In the recent case of Patel v Folkestone Nursing Home Limited  EWCA Civ 1689 the Court of Appeal have delved into the surprisingly complex and messy area concerning appeals against dismissal or disciplinary sanctions.
The Claimant was a care assistant dismissed over two charges of misconduct. As is often the case, his written contract of employment identified that the disciplinary procedure contained within his employer’s Employee Handbook was incorporated into his contractual terms and conditions. The Handbook identified that he had “the right to lodge an appeal”. He did so and following appeal, he was told that his appeal was successful but there was no mention of whether one of the allegations against him had been overturned. He refused to return to work and brought an unfair dismissal claim.

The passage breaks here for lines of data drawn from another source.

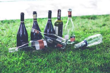 Keywords: empty bottle wine glass grass drinking alcohol
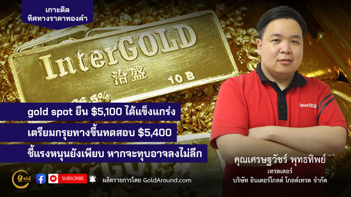 gold spot ยืน $5,100 ได้แข็งแกร่ง เตรียมกรุยทางขึ้นทดสอบ $5,400 ชี้แรงหนุนยังเพียบหากจะทุบอาจลงไม่ลึก
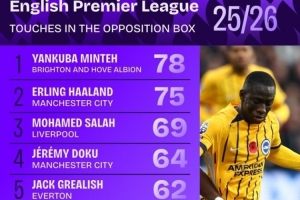 本赛季英超在对方禁区内触球榜:哈兰德、萨拉赫、约克雷斯在列
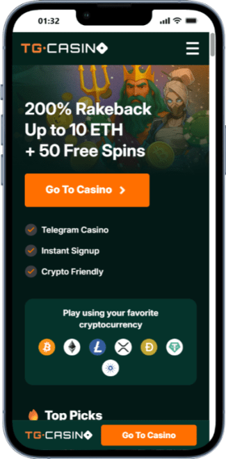 عند الإيداع الأولي، يقدم TG.Casino مكافأة مطابقة بنسبة 200%، بحد أقصى 10 إيثريوم (ETH)، بالإضافة إلى 50 دورة مجانية. يتطلب التأهل للمكافأة إيداعًا أدنى يعادل تقريبًا 25 دولارًا أمريكيًا (بالعملات الرقمية).
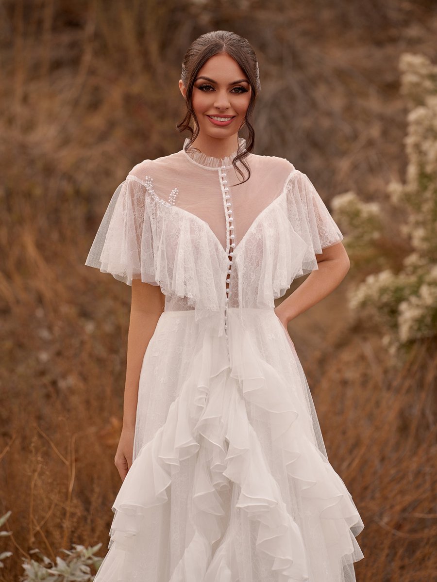High Split A-Line See-through Short Sleeves Ruffle Tulle Wedding Dresses
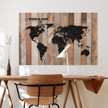 【輕鬆壁貼】世界地圖/莫蘭迪木紋 - 無痕/居家裝飾
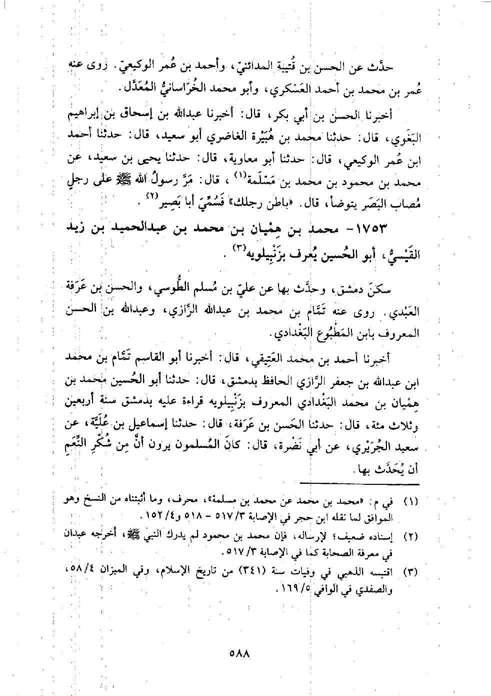 1753 - محمد بن هميان بن محمد بن عبد الحميد بن زيد القيسي أبو الحسين يعرف بزنبيلويه سكن دمشق، وحدث بها عن علي بن مسلم الطوسي والحسن بن عرفة العبدي روى عنه: تمام بن محمد بن عبد الله الرازي، وعبد الله بن الحسن المعروف بابن المطبوع البغدادي.
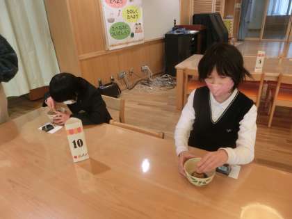 学習の振り返りでは「お茶が少し苦かったけど,ゆっくり飲むとおいしかったです」「お作法を知れてよかったです」「また茶道をやってみたいです」など,積極的に手をあげて発表していました。
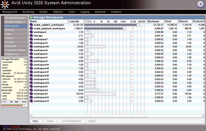 • Das System bietet einen 10 GBps-Ethernet Client, der Auflösungen bis zu unkomprimiertem HD und 2K unterstützt. Isis leistet bis zu 400 MB/s, bei Zusammenschluss von maximal 12 Engines erreicht man 4.800 MB/s oder insgesamt 32 Streams unkomprimiertes HD oder 240 Streams komprimiertes HD.
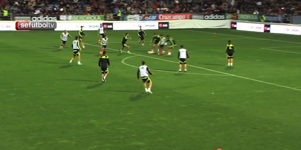 風間監督の言う「背中を取る」ための細かい駆け引きの部分だが、そのメニューや感想を書いていくとキリがないので、スペイン代表の練習で見られた1シーンをピックアップしたい。
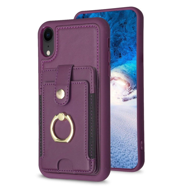 Funda para Teléfono Bf27 para iPhone Xr con Soporte para Tarjeta y Anillo de Metal (Púrpura Oscuro)
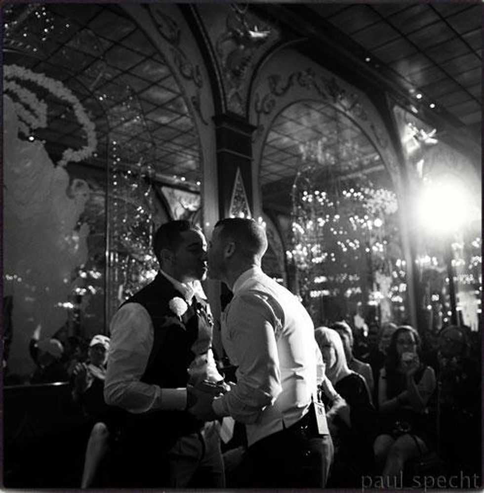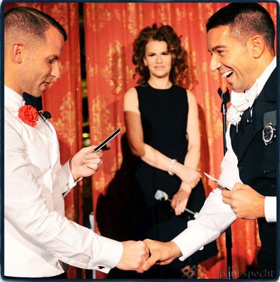 Actress Sandra Bernhard led the ceremony for Bradford Shellhammer & Georgi Balinov at the Russian Tea Room in New York.
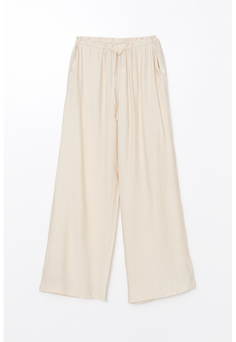 - poliamida Imprimeu: uni Croiala: croiala ampla Lungime: lungi Talie: inalta Detalii: banda elastica in talie cu snur pentru ajustare Buzunare: in cusaturile laterale Sistem inchidere: fara inchidere Compozitie Exterior: 84% viscoza
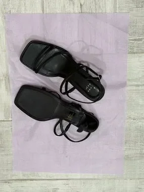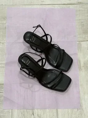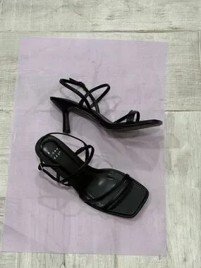 Chic black strappy heels with a square toe. Mid-height heel for easy wear. Adjustable ankle strap for a secure fit. Minimal, modern silhouette for versatile styling.
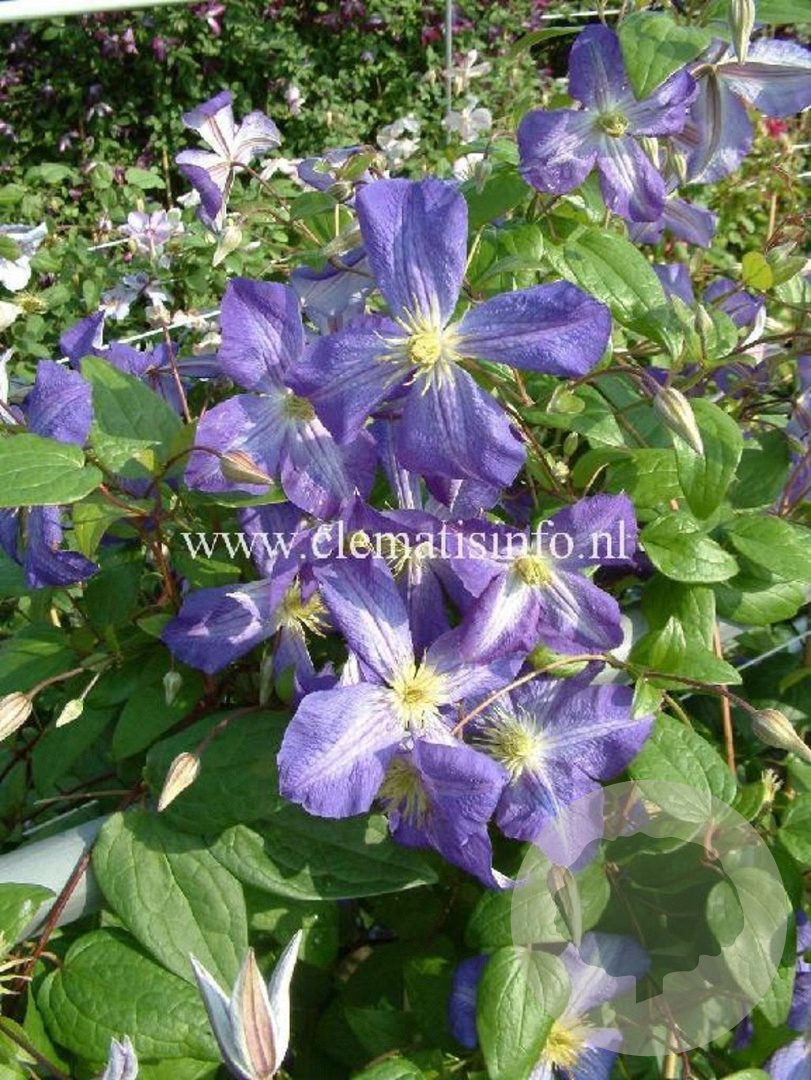| Toelichting | De Clematis 'Jenny', ook bekend als Bosrank, bloeit in mei - juni met prachtige paarse bloemen. Deze klimplant bereikt een hoogte van 200 cm en gedijt goed in zon en halfschaduw op neutrale, goede tuingrond met humus. |
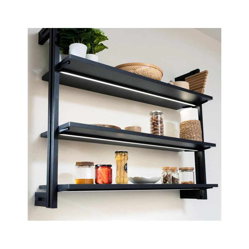 - Kit complet de profilés, accessoires de fixation et 3 supports pour étagères en bois.

At the ET hearing, the employer unsuccessfully argued that the successful appeal had re-instated him and so he had not been dismissed. The ET found he had been unfairly dismissed. This was over-turned on appeal to the Employment Appeal Tribunal (EAT), and following further appeal, the Court of Appeal has reviewed all the case authorities and sided firmly on the side of the EAT, confirming that the ET got it wrong.
The Court of Appeal has identified the following key principles, and I quote Lord Justice Sales directly:
“it is implicit in a term in an employment contract conferring a contractual right to appeal against disciplinary action taking the form of dismissal that, if an appeal is lodged, pursued to its conclusion and is successful, the effect is that both employer and employee are bound to treat the employment relationship as having remained in existence throughout.
By including a contractual right of appeal in the employment contract, the employer makes available to the employee a facility to seek to overturn the disciplinary decision made against him and to have the dismissal treated as being of no effect. If the appeal is successful, then subject to any other contractual provisions, the employee is entitled to be treated as having never been dismissed, to be paid all back pay and to have the benefit of all other terms of his contract of employment through the relevant period and into the future.
Conversely, if the employee exercises his right of appeal under the contract and does not withdraw the appeal before its conclusion, it is obvious on an objective basis that he is seeking to be restored to his employment and is asking and agreeing (if successful) to be treated as continuing to be employed under his contract of employment for the interim period since his previous dismissal and continuing into the future, so that that dismissal is treated as having no effect. It is not a reasonable or correct interpretation of the term conferring a right of appeal that a successful appeal results in the employee having an option whether to return to work or not.
If an appeal is brought pursuant to such a term and is successful, the employer is contractually bound to treat the previous dismissal as having no effect and the employee is bound in the same way. That is inherent in the very concept of an appeal in respect of a disciplinary dismissal”.
The Court of Appeal took into account the fact that an employee may lodge an appeal not to get his or her job back but for other reasons – for example, to clear his or her name so as to improve the chances of finding other work or so as not to lose up to 25% of any compensation (for non-compliance with the ACAS Code of Practice on Disciplinary and Grievance Procedures).
There is a little twist in this tale: the Court of Appeal said that the Claimant might have had a claim for constructive dismissal, because of the employer’s failure to address questions about the validity of the allegations made against him. The Claimant might therefore have another bite at the cherry – but the main gist of the case is about the effect of a successful appeal.
So, an important decision and one that any employee who wishes to lodge an appeal should reflect on.